Arrests have gone into overdrive. But at the same time, we're seeing international companies focusing on seeing what they can do to help. And we're starting to question whether some of the decisions are right, because if these decisions that outside tech companies are making further isolate ordinary Russians, then who does that help, exactly? The Kremlin is trying to isolate ordinary Russian citizens from the truth. The outside world shouldn't be doing the same thing.

Q. Around three million refugees have already fled Ukraine and that number will likely grow. What can journalists do to ensure they cover this refugee crisis in a humane way that respects the refugees’ rights?

A. We've got to be really careful, particularly with things like photos of children. And there are always issues of covering refugees where they use images to push a narrative of people that is, in some ways, dehumanising. This is something photojournalists who work in war zones and outside war zones grapple with all the time. What do you show? Is there a limit to what you don't show in terms of the suffering? Or should people everywhere around the world see that suffering? Because that's the reality on the ground, and I don't think those are easy questions, and they always come up and I don't think there's ever going to be a simple answer.

Q. Western media outlets have shown a keen focus on the war, with daily front pages dedicated to it. How have you found this compared to attention given to other humanitarian crises around the world?

A. With every war or massive invasion, you get a huge boost in attention at the very beginning. Now, this has been going on for eight years, and eight years back the attention was around it was huge. Then it sort of petered out until there were troop movements on the border. So I think that's, unfortunately, the natural cycle of international media. This is very huge now. We'll find something else happening in the world at some point, unless it keeps escalating.
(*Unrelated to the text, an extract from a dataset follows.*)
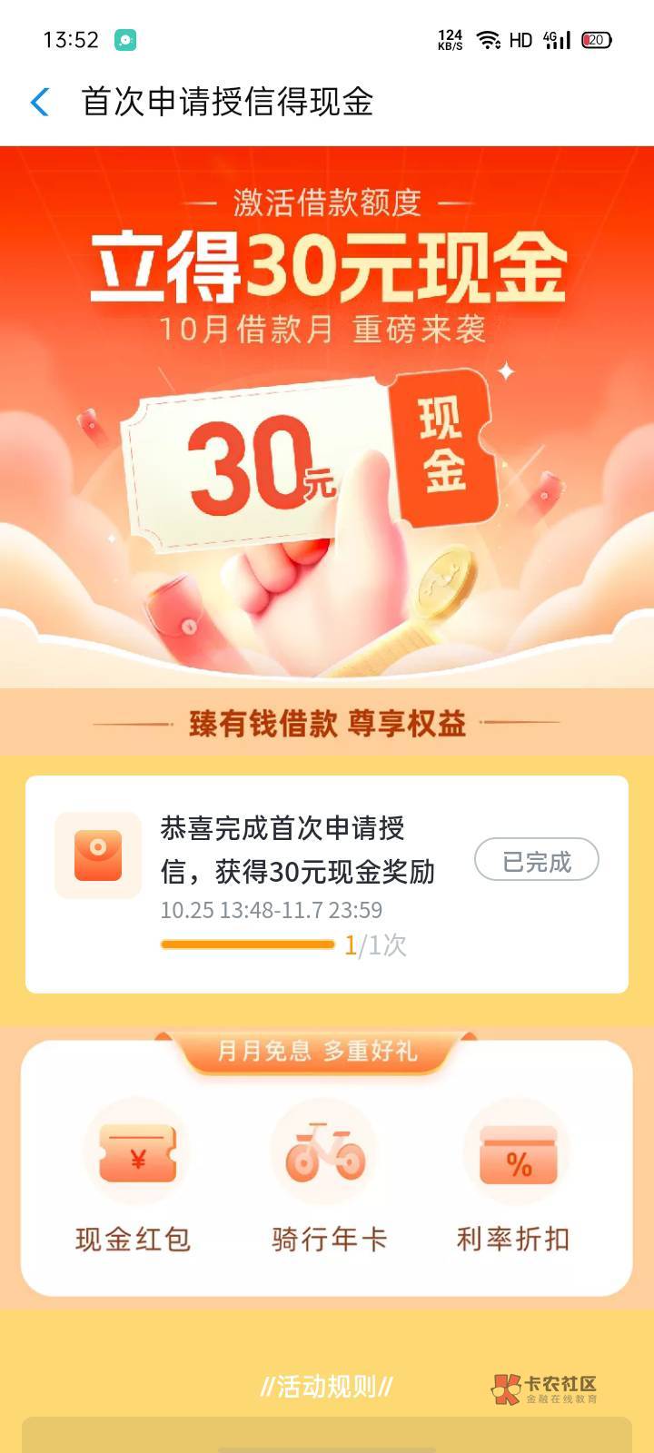 钱包,点借钱,进去右下角有个弹窗30活动

There is something to be said for the idea that a lot of European media are giving Ukraine more attention than they gave to Ethiopia, for example, to the crisis in Tigray. On the one hand, you can understand why. First of all, you have one UN member invading another UN member, which is a different type of conflict than internal civil war. But for Europeans, it's also next door. And it's understandable that you would have the media more interested in a horrific crisis next door, than a horrific crisis farther away. That's normal to an extent. 
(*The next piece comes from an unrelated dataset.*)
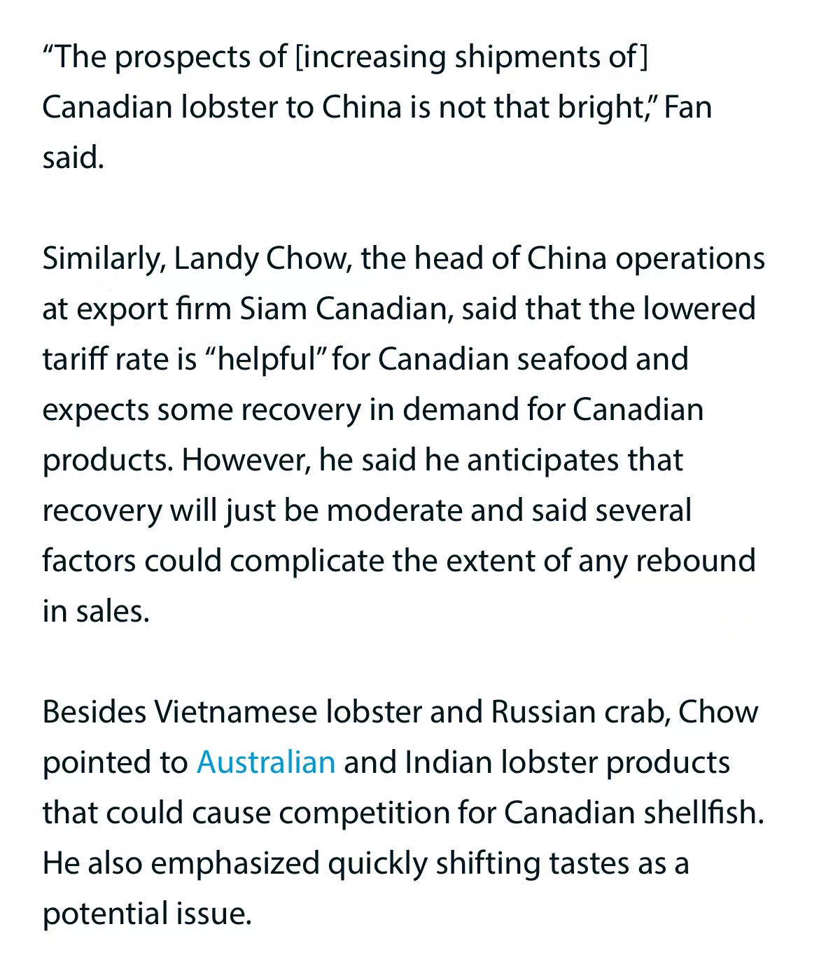 加拿大龙虾在华面临越南、俄罗斯激烈竞争

But Western media generally have on occasion just slipped to some really blatant racism. It's the idea that, “Now, this conflict is important, and these people dying are important, because they look like us.” And obviously the attitude that looks at things that way is just extremely troubling, but also revealing to how a lot of the world has been covering a lot of events for a long time. There has been an inherent racist bend to international reporting in terms of the things that get covered. And it goes completely against what our organisation tries to do. We have a universalist approach to humanity.
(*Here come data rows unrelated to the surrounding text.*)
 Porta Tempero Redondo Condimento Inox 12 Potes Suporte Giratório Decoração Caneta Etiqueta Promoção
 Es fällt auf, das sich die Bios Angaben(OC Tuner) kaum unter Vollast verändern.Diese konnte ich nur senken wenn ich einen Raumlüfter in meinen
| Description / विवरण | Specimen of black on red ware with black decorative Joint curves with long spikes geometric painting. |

Q. How can journalists ensure they keep up their coverage of other ongoing humanitarian issues such as the pandemic?

A. We are losing media interest in the pandemic for a number of reasons. First of all, you had the Omicron wave slowing down, you had the lifting of a lot of restrictions in places. And you had the idea that oh, well, vaccinations are going relatively fine here. This is the product of a deeply anti-universalist or just absolutely racist approach to policy and to reporting, because three billion people still haven't had one shot yet.

And why haven't they had one shot yet? Because of the vaccine shortage that's caused by the European Union, and Britain and Switzerland, literally blocking wider vaccine production at the World Trade Organisation, an absolutely enormous story, the absolute biggest scandal of recent years. And yet, the coverage of it is pretty minimal. But you know, the media doesn't care so much about them because they're in Africa, or other places that Western media has traditionally not cared too much about.